%%

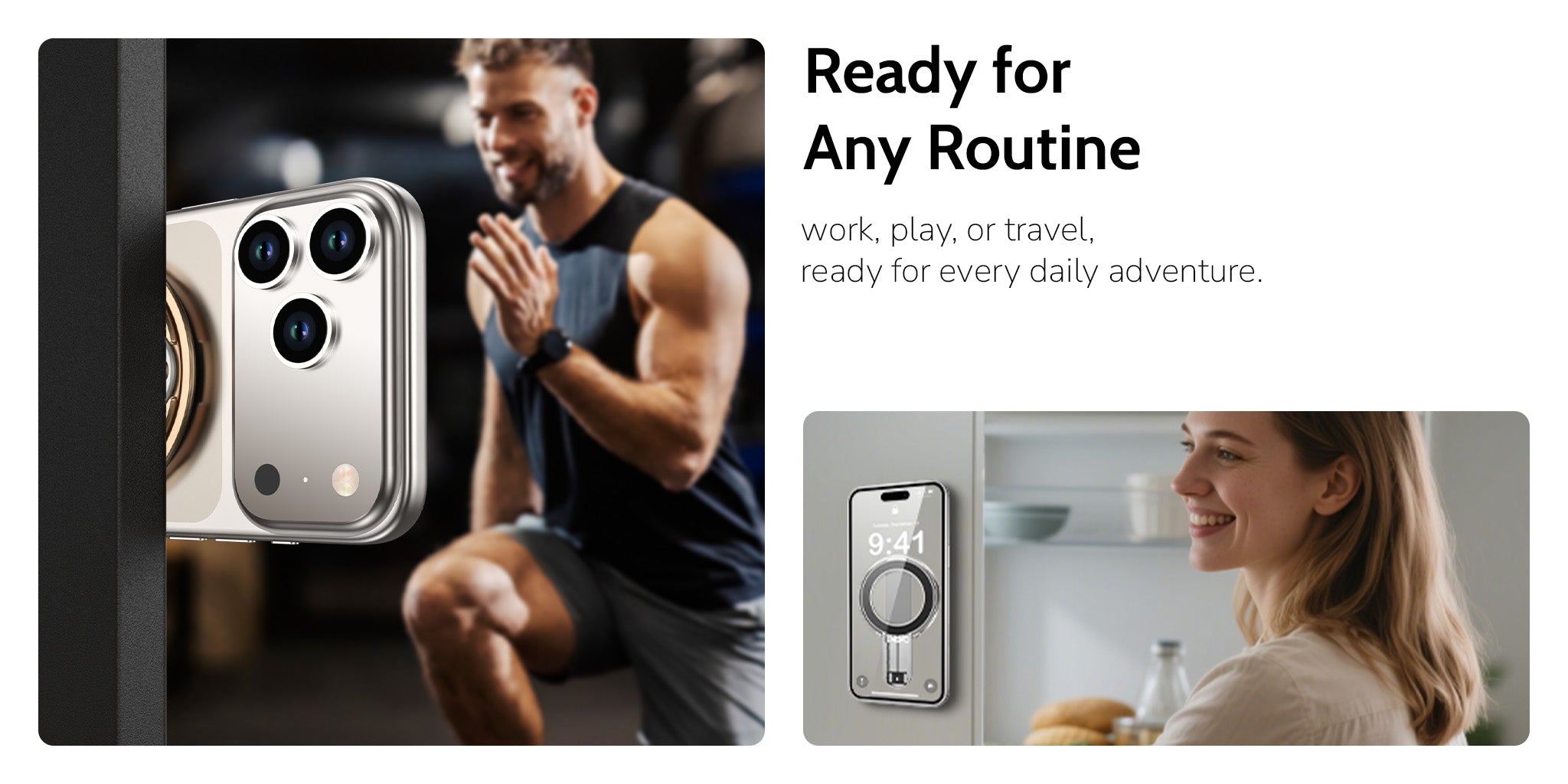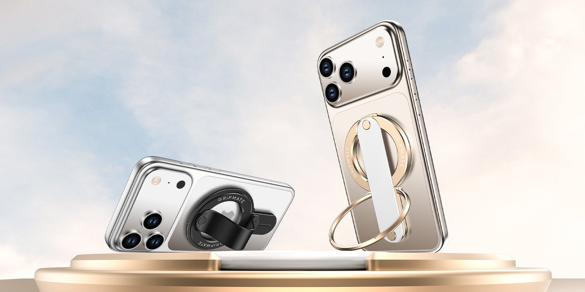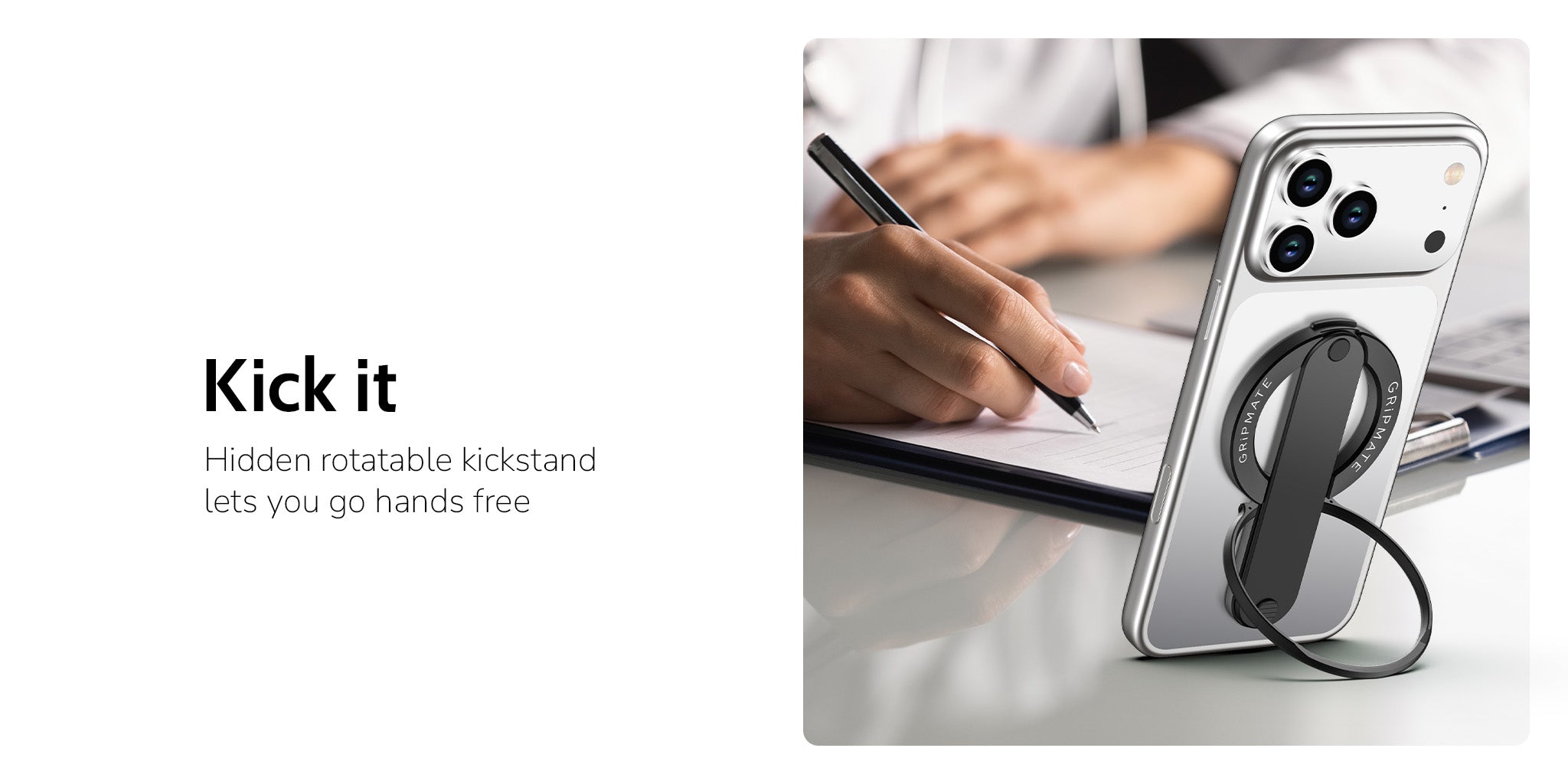 GripMate 2 has built-in magnets for automatically aligning and attaching to your MagSafe or PixelSnap compatible phone or a phone case with magnetic ring functionality.
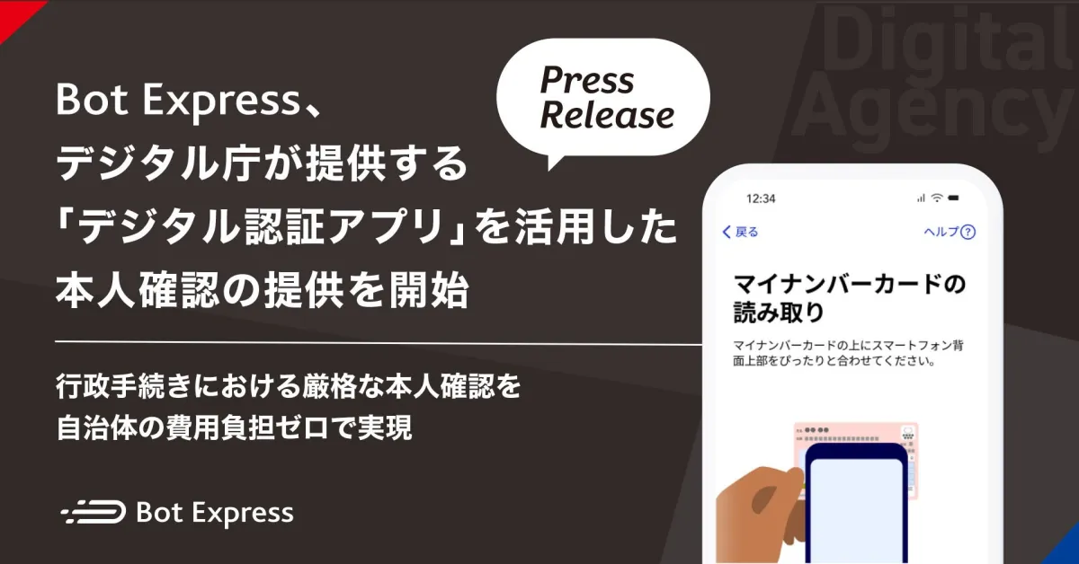 株式会社Bot Expressは、デジタル庁が提供する「デジタル認証アプリ」を活用し、スムーズかつ安全な本人確認のプロセスを提供しています。このアプリにより、自治体は本人確認を無料で実施できるようになり、住民は手続きをより簡便に行えるようになります。
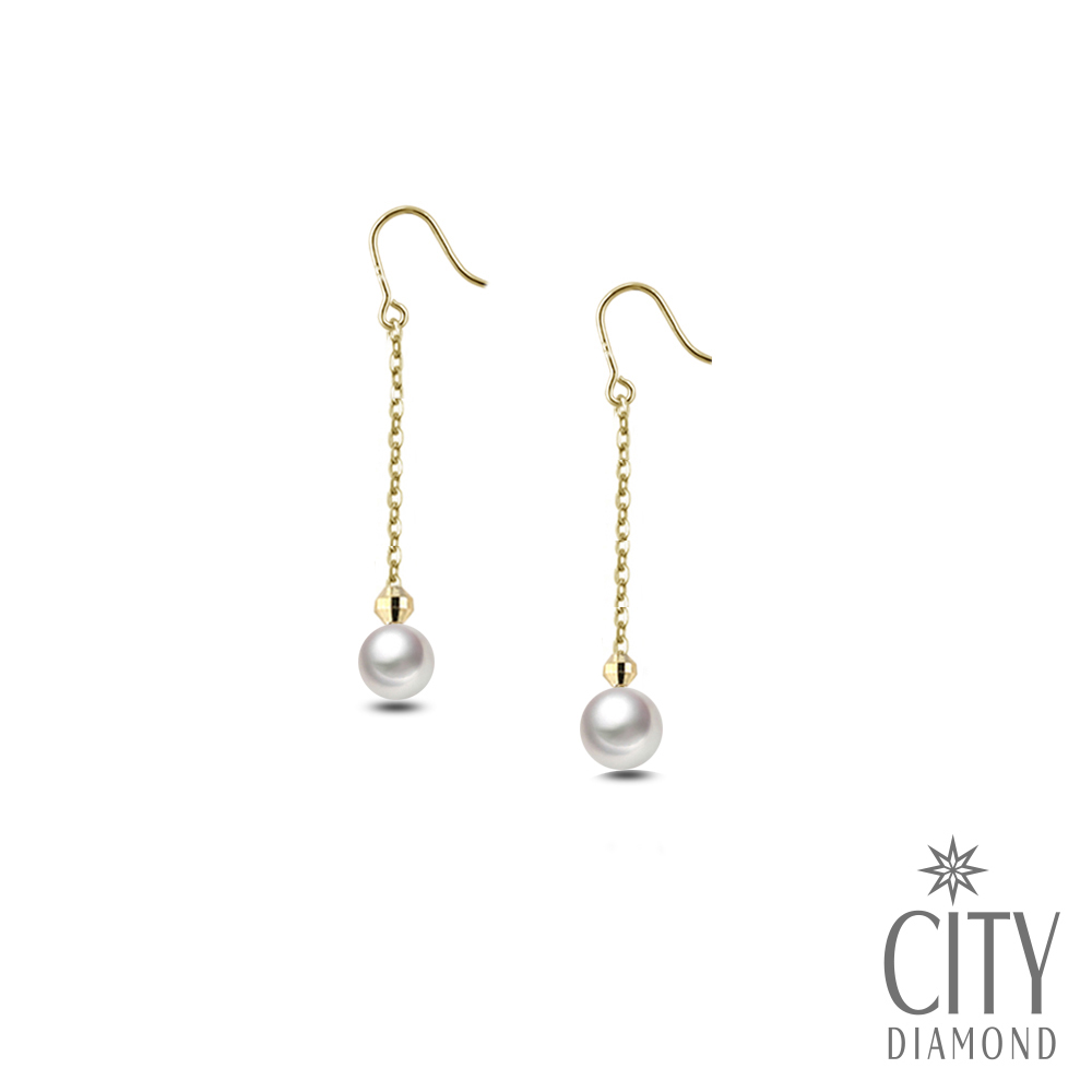【City Diamond 引雅】18K日本AKOYA珍珠5-6mm黃K長垂耳環(東京Yuki系列)

%%

(PROBLEM STATEMENT):
Please repeat the listing precisely, excluding the pictures it contains.

(ANSWER FOR THIS EXERCISE):
 GripMate 2 has built-in magnets for automatically aligning and attaching to your MagSafe or PixelSnap compatible phone or a phone case with magnetic ring functionality.
 株式会社Bot Expressは、デジタル庁が提供する「デジタル認証アプリ」を活用し、スムーズかつ安全な本人確認のプロセスを提供しています。このアプリにより、自治体は本人確認を無料で実施できるようになり、住民は手続きをより簡便に行えるようになります。
【City Diamond 引雅】18K日本AKOYA珍珠5-6mm黃K長垂耳環(東京Yuki系列)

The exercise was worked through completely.